Thanks. This site is brilliant!
Sue


----------



## 3mom (Apr 20, 2011)

franci6810 said:


> Thanks for the link. Will certainly be working hard this winter. My stash is already needing replenishing.
> Franci


Isn't that wonderful! Need some help?


----------



## cainchar (Dec 14, 2012)

Oh boy!!!- wonderful felted patterns! So nice to find things that are a bit different. Many thanks!


----------



## anneevamod (Apr 16, 2011)

site will not open


----------



## flyssie (Jun 30, 2011)

Sailgurl said:


> I've read a lot of comments about errata in these drop patterns. Has anyone here made one? I've seen some I would like to knit, but have been afraid because it would drive me crazy to start something and find errors in the pattern.

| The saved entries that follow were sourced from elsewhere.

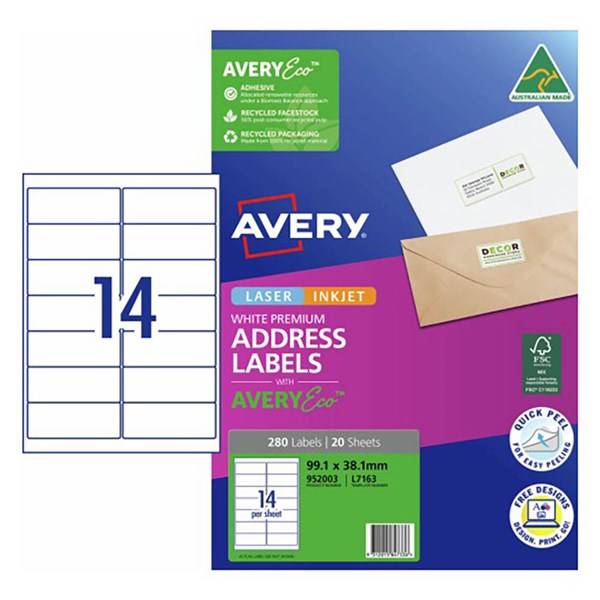 AVERY 952003 L7163 QUICK PEEL ADDRESS LABEL WITH SURE FEED LASER 14UP WHITE PACK 20
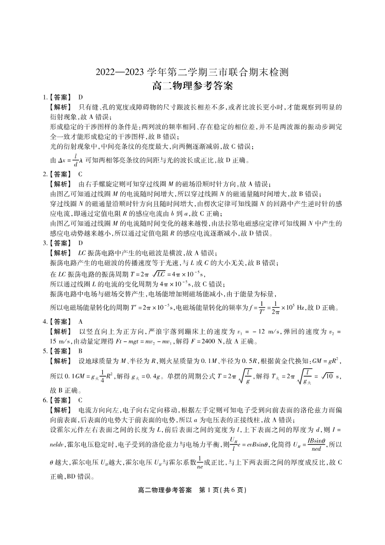 安徽省安庆、池州、铜陵三市2024届下学期联合期末检测物理答案
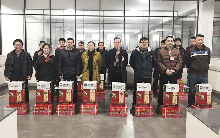 岁末临近,为感谢全体员工一年来的努力付出,关心员工生活,公司为每位员工发放了丰富的春节年货,给全体员工带来了新年的气息。公司在行政部的细致安排下,于2017年1月中旬开始陆续发放年货。年货有农家山茶籽油,苹果双份,砂糖橘,冰糖橙,香梨,金典牛奶,猴菇饼干,红薯粉等共计九类。
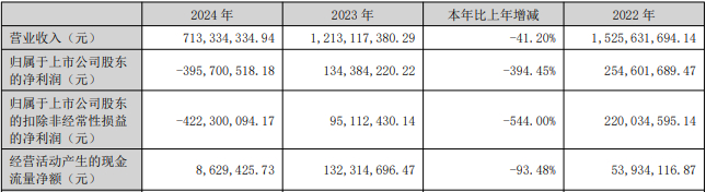 2024年,公司实现营业收入7.13亿元,同比减少41.20%;归属于上市公司股东的净利润-3.96亿元,同比减少394.45%;归属于上市公司股东的扣除非经常性损益的净利润-4.22亿元,同比减少544.00%;经营活动产生的现金流量净额862.94万元,同比减少93.48%。

I knitted a hooded cardigan for a pregnant daughter - she loved it and I had no problems with the pattern - see photo.
Cheers - Flyssie


----------



## didough (May 30, 2011)

anneevamod said:


> site will not open


 try this Tiny URL link

http://tinyurl.com/julxh


----------



## anneevamod (Apr 16, 2011)

thank you...it 
worked...so appreciativeand so kind of you


----------



## ggmakat16 (Dec 12, 2012)

It is outstanding. Thank you.


----------